▸ **PROBLEM REQUIREMENTS**: Transcribe exactly the line that contains "近日华体会在线平台日语系青年" and every line after it through the end of the records, with nothing else.

↓↓↓

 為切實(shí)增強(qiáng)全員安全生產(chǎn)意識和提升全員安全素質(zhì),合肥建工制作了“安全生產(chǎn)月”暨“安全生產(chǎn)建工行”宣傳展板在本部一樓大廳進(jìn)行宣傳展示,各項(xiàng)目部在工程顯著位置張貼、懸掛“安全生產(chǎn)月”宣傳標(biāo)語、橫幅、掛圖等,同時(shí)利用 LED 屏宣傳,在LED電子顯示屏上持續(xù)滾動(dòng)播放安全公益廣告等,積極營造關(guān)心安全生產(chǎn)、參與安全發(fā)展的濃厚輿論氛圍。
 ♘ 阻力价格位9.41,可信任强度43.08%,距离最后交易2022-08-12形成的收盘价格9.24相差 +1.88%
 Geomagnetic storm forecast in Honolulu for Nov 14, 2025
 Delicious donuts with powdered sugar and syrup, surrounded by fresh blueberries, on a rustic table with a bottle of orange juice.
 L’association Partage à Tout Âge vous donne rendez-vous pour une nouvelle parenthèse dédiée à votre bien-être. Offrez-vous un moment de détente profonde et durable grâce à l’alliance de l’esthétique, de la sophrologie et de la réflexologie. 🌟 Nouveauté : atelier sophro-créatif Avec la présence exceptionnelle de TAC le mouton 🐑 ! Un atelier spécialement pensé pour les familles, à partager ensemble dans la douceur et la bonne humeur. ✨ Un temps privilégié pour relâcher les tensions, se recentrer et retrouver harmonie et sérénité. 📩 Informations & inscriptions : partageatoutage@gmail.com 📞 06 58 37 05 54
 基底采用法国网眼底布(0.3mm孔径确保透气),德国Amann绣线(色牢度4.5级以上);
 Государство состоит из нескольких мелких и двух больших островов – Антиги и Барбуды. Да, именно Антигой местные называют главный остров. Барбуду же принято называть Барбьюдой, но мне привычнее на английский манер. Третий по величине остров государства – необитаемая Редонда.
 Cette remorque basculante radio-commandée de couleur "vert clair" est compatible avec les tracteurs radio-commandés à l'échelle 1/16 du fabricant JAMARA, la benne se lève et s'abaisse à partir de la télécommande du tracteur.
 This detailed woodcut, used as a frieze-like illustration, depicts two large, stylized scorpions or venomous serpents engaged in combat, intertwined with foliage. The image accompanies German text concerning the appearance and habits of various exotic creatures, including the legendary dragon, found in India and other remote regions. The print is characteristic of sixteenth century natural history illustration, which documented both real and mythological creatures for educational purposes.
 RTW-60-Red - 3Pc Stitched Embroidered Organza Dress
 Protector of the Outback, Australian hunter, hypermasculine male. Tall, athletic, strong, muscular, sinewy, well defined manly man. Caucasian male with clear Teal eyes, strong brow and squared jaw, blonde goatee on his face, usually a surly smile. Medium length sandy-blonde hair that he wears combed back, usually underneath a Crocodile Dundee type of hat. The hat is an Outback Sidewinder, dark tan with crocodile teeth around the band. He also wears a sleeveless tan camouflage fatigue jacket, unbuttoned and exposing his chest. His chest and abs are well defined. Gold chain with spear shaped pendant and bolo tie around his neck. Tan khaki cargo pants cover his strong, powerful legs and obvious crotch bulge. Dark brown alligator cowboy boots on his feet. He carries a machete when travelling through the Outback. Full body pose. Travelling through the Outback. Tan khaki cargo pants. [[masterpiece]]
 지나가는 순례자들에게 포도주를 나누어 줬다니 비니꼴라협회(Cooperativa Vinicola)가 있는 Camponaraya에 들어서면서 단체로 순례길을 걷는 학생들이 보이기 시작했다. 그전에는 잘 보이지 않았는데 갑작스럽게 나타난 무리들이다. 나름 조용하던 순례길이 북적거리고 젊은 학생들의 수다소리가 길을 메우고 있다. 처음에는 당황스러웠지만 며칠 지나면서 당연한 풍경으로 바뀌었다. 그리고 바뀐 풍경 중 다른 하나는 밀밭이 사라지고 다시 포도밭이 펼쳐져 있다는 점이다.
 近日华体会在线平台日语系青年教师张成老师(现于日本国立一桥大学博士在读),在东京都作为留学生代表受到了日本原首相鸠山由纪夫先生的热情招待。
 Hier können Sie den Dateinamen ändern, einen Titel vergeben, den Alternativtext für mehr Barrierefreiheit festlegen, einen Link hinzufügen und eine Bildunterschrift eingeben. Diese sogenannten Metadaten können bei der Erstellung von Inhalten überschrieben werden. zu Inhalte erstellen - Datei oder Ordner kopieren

↑↑↑

▸ **WRITTEN RESPONSE**:
 近日华体会在线平台日语系青年教师张成老师(现于日本国立一桥大学博士在读),在东京都作为留学生代表受到了日本原首相鸠山由纪夫先生的热情招待。
 Hier können Sie den Dateinamen ändern, einen Titel vergeben, den Alternativtext für mehr Barrierefreiheit festlegen, einen Link hinzufügen und eine Bildunterschrift eingeben. Diese sogenannten Metadaten können bei der Erstellung von Inhalten überschrieben werden. zu Inhalte erstellen - Datei oder Ordner kopieren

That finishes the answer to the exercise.